Dr. Appel is a Professor of Medicine at the Johns Hopkins University School
of Medicine. He holds adjunct appointments in the Departments of Epidemiology
and International Health (Human Nutrition Division) at the Johns Hopkins Bloomberg
School of Public Health. His academic home is the Welch Center for Prevention,
Epidemiology, and Clinical Research.
The focus of Dr. Appel's career is the conduct of clinical research pertaining
to the prevention of hypertension, cardiovascular disease, and kidney disease
through both pharmacologic and nonpharmacologic approaches, typically nutrition
based. He has been Principal Investigator of several studies, many of which have
influenced healthcare policy. These studies include randomized feeding studies
(e.g., the Dietary Approaches to Stop Hypertension (DASH) and the DASH-Sodium
trials) and behavioral intervention studies (e.g., the PREMIER trial
of comprehensive lifestyle modification). Ongoing research includes two prospective
observational studies (the Chronic Renal Insufficiency Cohort (CRIC) Study
and the African-American Study of Kidney Disease and Hypertension (AASK)

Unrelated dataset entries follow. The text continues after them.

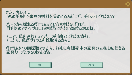 昨日(11/1)は土曜日でしたから、恒例の家具クエストを受注しました。
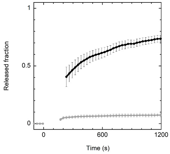 Studies on vesicle release kinetics were performed on an Infinite M200 PRO plate reader (Tecan, Grödig, Austria). The temperature was maintained at 25 °C for all experiments. The percentage of peptide-induced CF leakage was measured by following the fluorescence signal at λex = 490 nm and λem = 520 nm, with an excitation bandwidth of 9 nm and emission bandwidth of 20 nm and a spacing of 30 s. Measurements were repeated three times. Total leakage was obtained by adding Triton X-100 (SIGMA Life Science, Merck, Darmstadt, Germany) at a 1 mM final concentration. The fraction of peptide-induced leakage was determined as
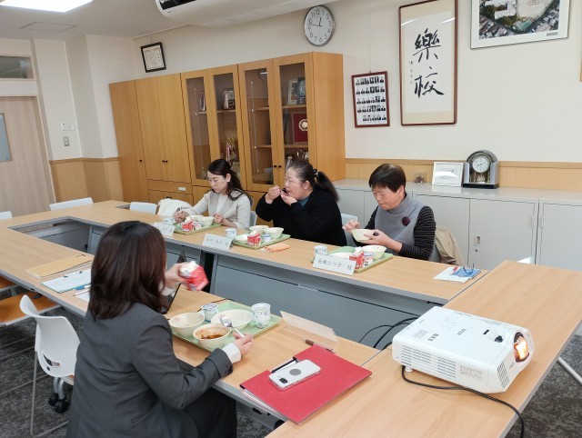 今回は、授業参観に加え、給食の試食をしていただきました。
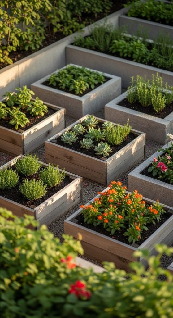 Takeaway: Raised planters = structure + charm. Mix materials like wood, stone, or metal for added texture.
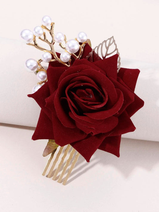 Mørk Rød Rose med Gyldent Blad & Hvide Perler
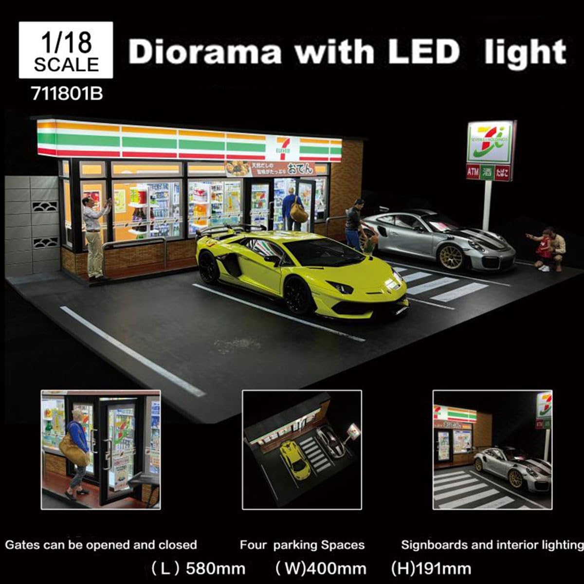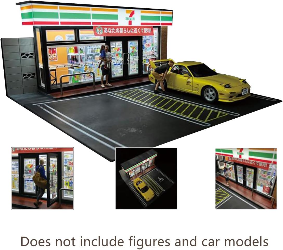 Autentica riproduzione giapponese di minimarket: una riproduzione perfetta di un classico negozio 7-Eleven dal Giappone, tra cui segnaletica, vetrine, aree distributori automatici e persino piccoli elementi interni. Perfetto per i collezionisti che vogliono catturare il fascino unico dello stile di vita urbano giapponese in forma miniatura. Negozio interattivo con slot per parcheggio: dispone di due parcheggi in scala 1:18 modelli di auto pressofuse, ideali per mostrare i veicoli in scenari realistici "drive and shop". Le porte anteriori possono aprirsi/chiudersi per simulare l'ingresso effettivo, aggiungendo realismo e giocabilità al tuo setup. Luci a LED alimentate tramite USB per scene notturne: viene fornito con illuminazione integrata alimentata tramite USB per il cartello della vetrina e l'interno del negozio. Sia che tu stia costruendo un diorama notturno o desideri un centrotavola luminoso, l'illuminazione ambientale aggiunge un tocco cinematografico e realismo al tuo mondo modello. Perfetto per narrazione e scene di visualizzazione: che tu stia ricreando una corsa di shopping a tarda notte, un incontro in auto o un tranquillo momento urbano, questo set è una piattaforma versatile per creare storie in miniatura. Abbinalo a auto e figurine giapponesi (non incluse) per sbloccare un potenziale illimitato di costruzione di scene. Personalizzabile e adatto ai collezionisti: questo modello non include veicoli o figure, dandoti la libertà di personalizzare ogni dettaglio. Usalo come tela bianca per il tuo diorama giapponese, collezione di modellini di auto o progetti fotografici creativi. Un must per i fan di JDM, costruttori di modelli in scala e hobbisti!
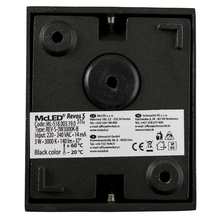 Kompaktní nástěnné LED svítidlo McLED Revos S je ideální volbou pro venkovní osvětlení fasád, balkónů, vstupů nebo teras. Nabízí světelný tok 140 lm při příkonu pouhých 3 W a teplé bílé světlo (3000 K). Odolné provedení z hliníku a čirého skla v kombinaci s krytím IP65 zajišťuje dlouhou životnost a ochranu proti vnějším vlivům. Svítidlo má úzký vyzařovací úhel 37° pro efektivní směrové nasvícení a snadno se instaluje díky přímému připojení na 230 V. Vhodné i pro použití s pohybovým čidlem.
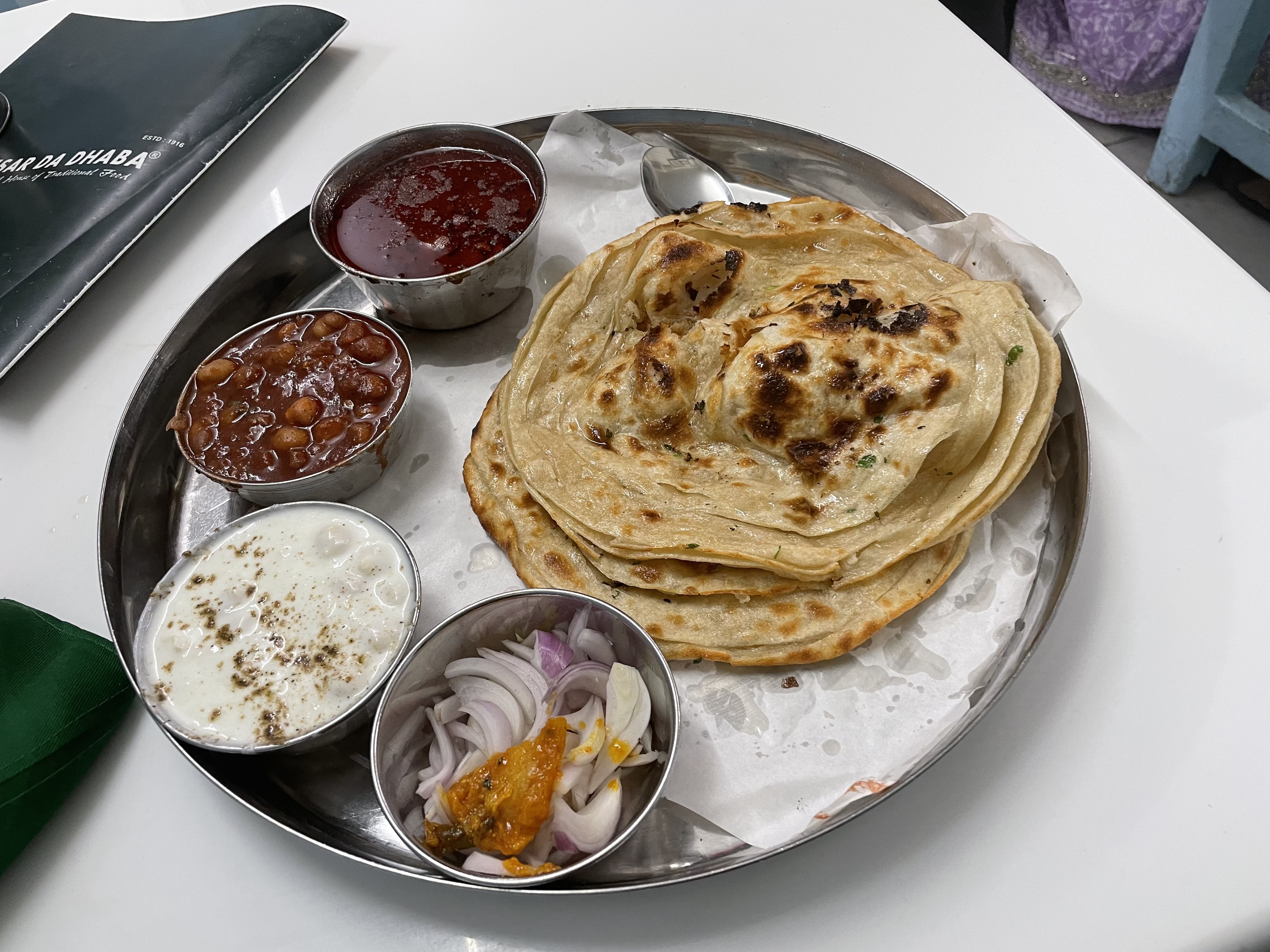 Back in Amritsar, I got back in time for dinner. Based on many recommendations, I went to Kesar Da Dhaba, a century-old vegetarian Punjabi restaurant in the middle of the maze. It was originally founded in pre-Partition Pakistan but moved to India during the Partition – apparently because many of the Indian revolutionary figures loved eating there so much. The signature dish was the dal makhani, but the hand-cracked paratha was also a star. Everything was doused in ghee!
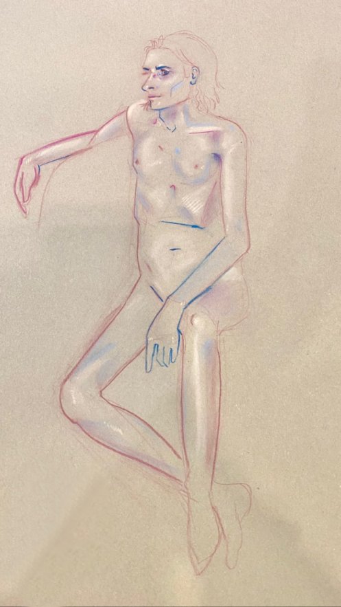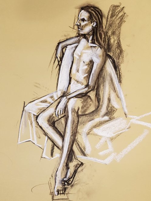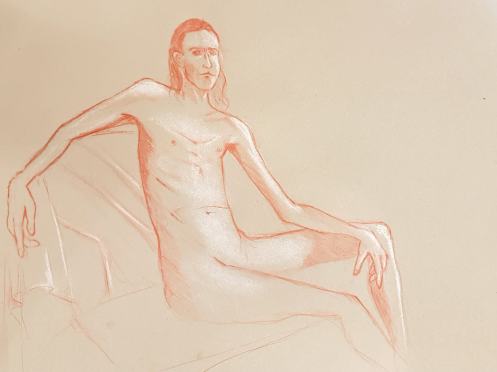 Notwithstanding my early discomfort, I thoroughly enjoyed this return to modelling. It had been a pleasant surprise to be booked for South East London Life Drawing at The Art of Isolation so soon after my last visit in November 2022. There’s a lovely feeling of easy-going appreciation and enthusiasm from the artists that can’t help but encourage a model to give their best. Quite a few familiar friendly faces here too.

Cohort Study) and two clinical trials (the Omni Heart feeding trial,
which tests the effects of different macronutrients on cardiovascular risk factors,
and the Weight Loss Maintenance trial, which tests different strategies
to maintain weight loss). To date, he has published more than 100 articles.

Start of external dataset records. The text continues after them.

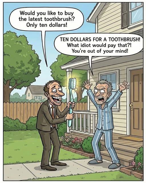 “Ten dollars for a toothbrush!” shouts the man. “What idiot would pay ten dollars for a toothbrush? You’re out of your mind.”
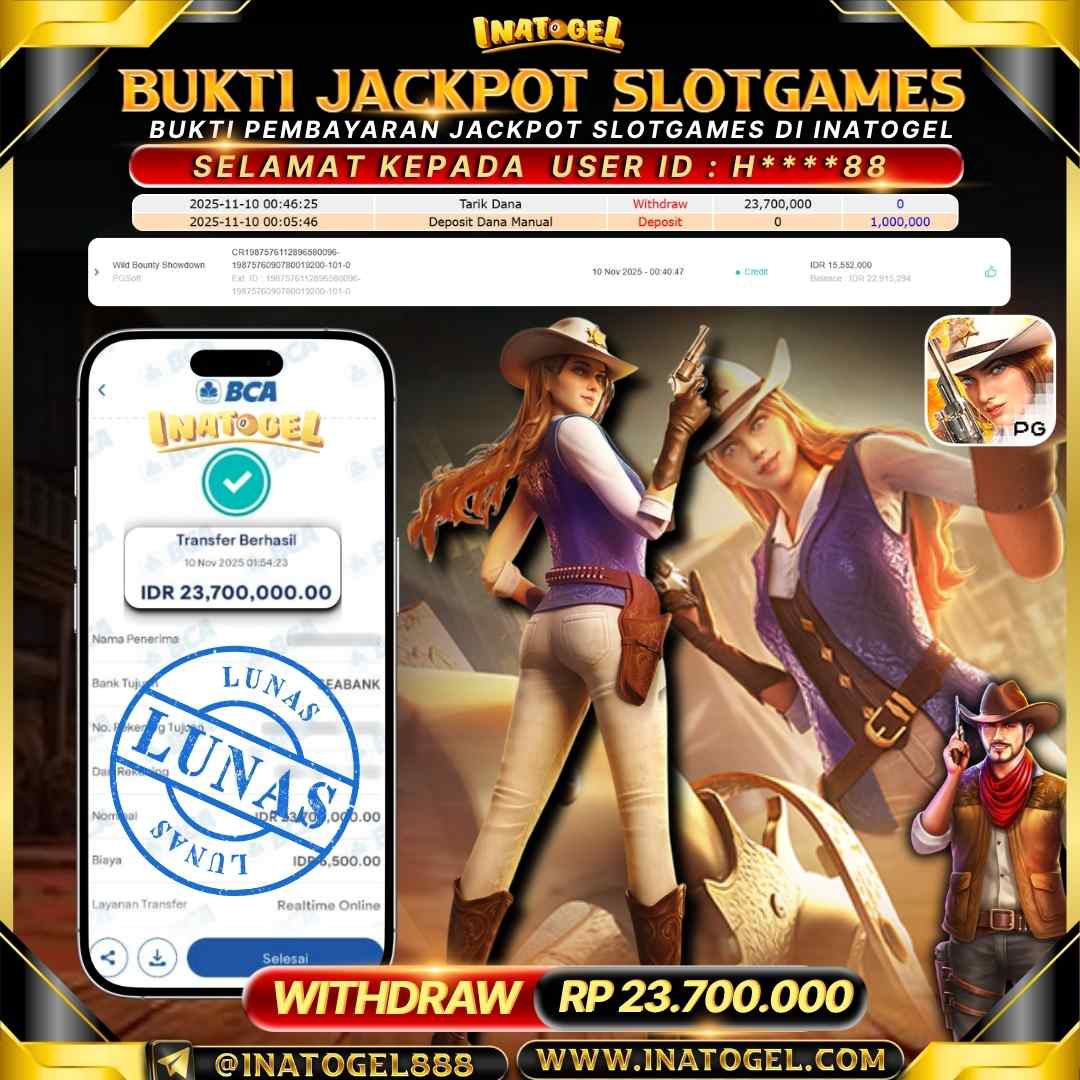 Selamat kepada User Id H****88 telah berhasil mendapatkan kemenangan jackpot pada permainan SlotGame Wild Bounty Showdown sebesar Rp23,700,000,- . Inatogel situs terpercaya sejak dulu hingga saat ini , Untuk kemenangan berapapun pasti akan kami bayarkan . Jangan ragu bermain di Ina Togel . Kami pihak Inatogel Menyampaikan terima kasih kepada seluruh member Ina Togel yang telah Percaya dan setia Bersama kami bermain di Inatogel saat ini.
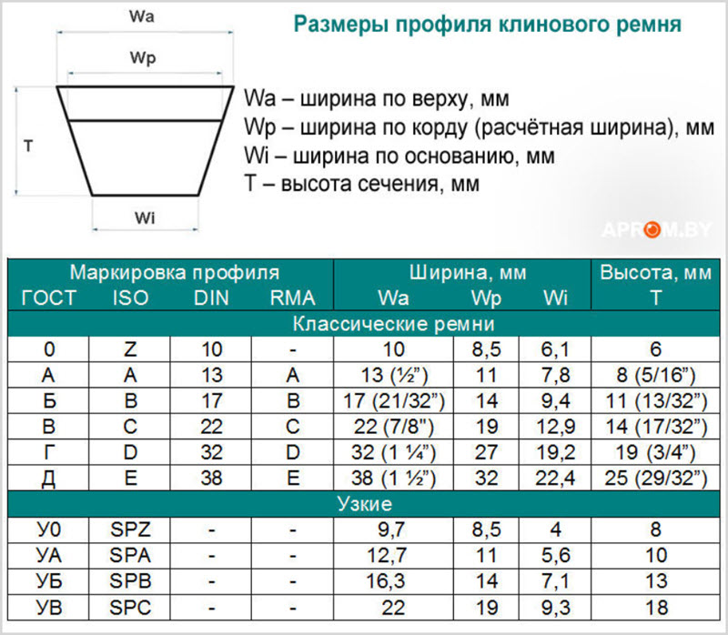 Достаточно знать типоразмер по ширине трапеции, которых совсем немного, и длину, её можно измерить по положению шкивов, а также используя изношенный или порвавшийся ремень.
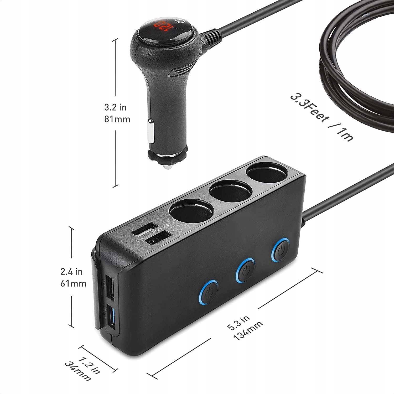 - інтегрована інтелектуальна система інтелектуально виявляє пристрій та зарядний пристрій, щоб зарядити їх з оптимальним струмом. - Розширює один легший автомобіль до трьох більш легких розетків (з незалежними комутаторами) та чотирма портами USB.
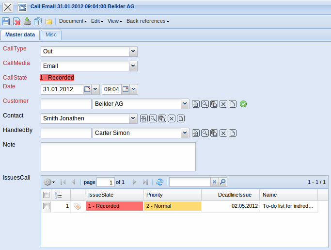 • Handled by: The employee responsible for the call is preset by the system here. The employee is administered in the employee menu.
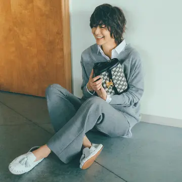 モデル・富岡佳子さんが“小さくてかわいいバッグ”を探し抜いた末に出会ったというボッテガ・ヴェネタの巾着バッグと、装いに今っぽさをプラスしてくれるジル サンダーのモードなフラット靴を主役にした“富岡流・春ファッション”をご紹介。
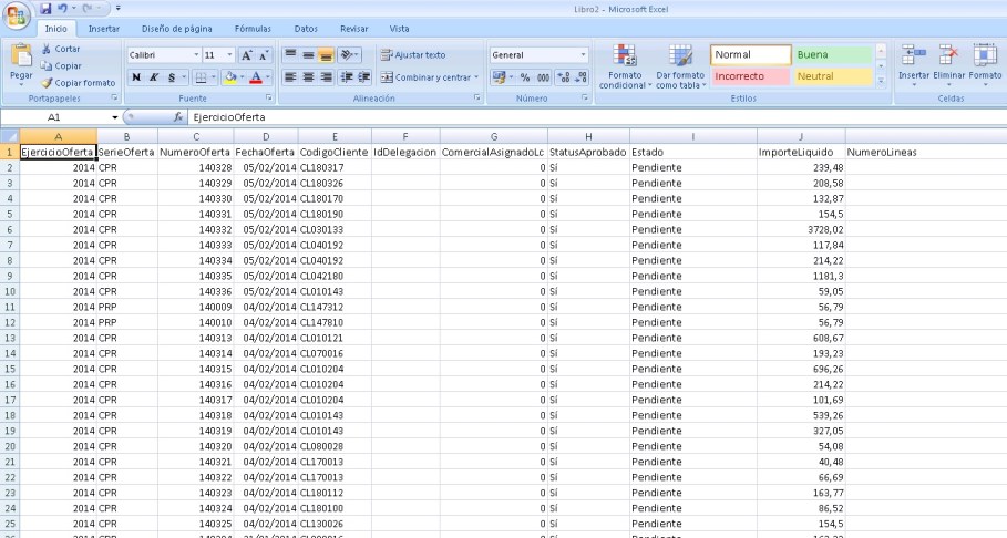 Por ejemplo, desde la zona de las facturas de ventas, hay que exportar las facturas a Excel. Se debería descargar un archivo como este:

Dr. Appel has been actively involved in policymaking committees, including the
Nutrition Committee of the American Heart Association (AHA) and several committees
of the IOM. The latter include the Committee on Evaluating Coverage of Nutrition
Services for the Medicare Population, Committee on Evaluation of the Evolving
Science in Dietary Supplements, and Committee on Dietary Reference Intakes for
Electrolytes and Water, which he chairs. In addition to conducting clinical research,
Dr. Appel directs a class on clinical trials, teaches research methods in journal
clubs and other settings, and has mentored numerous faculty members, postdoctoral
Fellows, and graduate students. He also is a practicing internist.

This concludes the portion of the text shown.